When history calls

Firsts are fascinating, especially when Otago leads the way, and usually a telephone call between Milton and Dunedin on February 2, 1878, is regarded as the first in New Zealand.

Dunedin telegraph office employee Alois Lubecki organised this call on instructions from his boss, Charles Lemon (whose telegraph poles and cross-bars with their dozens of wires were soon called "Lemon trees").

But earlier, such was the telephone mania caused by regular reports of overseas progress during the previous year (by November 1877, New York was proudly proclaiming it had five telephones in operation), New Zealanders were desperate not to be left behind.

So began a series of first telephone calls, with Otago leading the charge.

The patrons at the Otago Agricultural and Pastoral Association show in late November 1877 flocked to see "the newly-invented telephone", which the Otago Witness observed "was being used by a number of persons to carry on conversations when at considerable distance from one another".

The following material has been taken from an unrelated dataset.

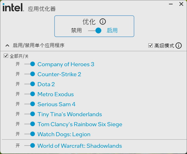 另外值得一说的就是英特尔应用优化器(Intel Application Optimization,APO)支持更多的游戏。APO是一个现有硬件线程调度器配合,给游戏和应用提供更好的技术,它需要基于Dynamic Tuning Technology(DTV)运行,也需要游戏支持,因此在推广上需要花费更多时间。从最新的APO中,我们可以直观的APO目前支持的游戏。包括Dota2,地铁:离去,彩虹六号等等。

This surely would have been New Zealand's first demonstration of the telephone? But in its next issue, the newspaper toned down the excitement by explaining, "The telephone instruments themselves are very simple, consisting of two wooden tubes, one of which is placed at the mouth, the other at the ear".

A few weeks later, on January 15, 1878, Lawrence made a bid for a place in the telephonic sun.

Local watchmaker George Humphrey invited the Tuapeka Times to witness his new marvel, which the reporter described as "a wonderful contrivance".

Humphrey had used two mustard boxes with the lids and bottoms removed.

He had stretched thin parchment or sheepskin over the bottom of each box and connected them with cotton thread, "leaving the other end open for speaking through".

Those assembled were amazed to be able to talk and sing to each other through this contraption at a distance of 70ft (21m), although Humphrey claimed it worked at up to 80 yards (73m).

"Mr Humphrey put one of his little girls at one end, who sang Pop Goes the Weasel. The effect was astounding.

She was out in the back yard, while several persons were listening at the other end in the shop, and the melody was as clear and the words as distinct as if she had been in the same room.

"The public excitement over these "telephones" is hard to understand as reports from America and elsewhere were describing primitive but "real" telephones.

Not to be outdone by the country cousins in Lawrence, Dunedin was still in the fray and it was reported that "there has been quite a mania for telephones in the city.

Small boys take delight in manufacturing the `telegraph superseder' with empty pill boxes and cotton".

But was there any practical use for this new toy? The Dunedin printing firm of Fergusson and Mitchell is credited in some books with "the first use of a telephone in New Zealand".

In fact, it had simply copied the small boys and the Lawrence jeweller.

On January 25, 1878, the firm linked its office on one side of Princes St with its workshop on the other using two small ink tins joined by thread stretched across the street.

Then came the "proper" pioneering call between Dunedin and Milton.

For this experiment, a Dunedin "mechanician", Charles Henry (who went on to found an electrical engineering business in Princes St in 1882), made a "transceiver" (a combined telephone receiver and transmitter) based on information acquired from reading the Scientific American.

Not only was the call successful but it thrust Mr Henry into the limelight as, when his apparatus was set up in the Athenaeum, the hall was "thronged with persons eager to send and receive messages, and by means of resistance coils communication was established to a distance equal to close on 100 miles".

Around Roxburgh they will tell you that John Cargill, of Teviot Station, made New Zealand's first telephone call "sometime in 1877 when the postmaster's daughter called Cargill on the telephone" using a couple of instruments Alexander Graham Bell had given him.

The experts have not upheld this claim and at least one suggests Cargill used a Charles Henry machine, but some time after the historic Milton-Dunedin call.

After the Milton call - "not only could the words spoken at either end be clearly heard, but the difference in the tone of voices was easily distinguished.

The rapidity with which the questions were answered was simply marvellous" - the telephone took off and within weeks calls were being made around the Dunedin suburbs.

By March, a link-up was made from Christchurch to Dunedin and Cromwell.

Now, 130 years on, it looks as though the telephone may well be here to stay, including, sadly, its use by those clowns who ring you at dinner time to try to sell you something. - Jim Sullivan 

- Jim Sullivan is a Dunedin historian.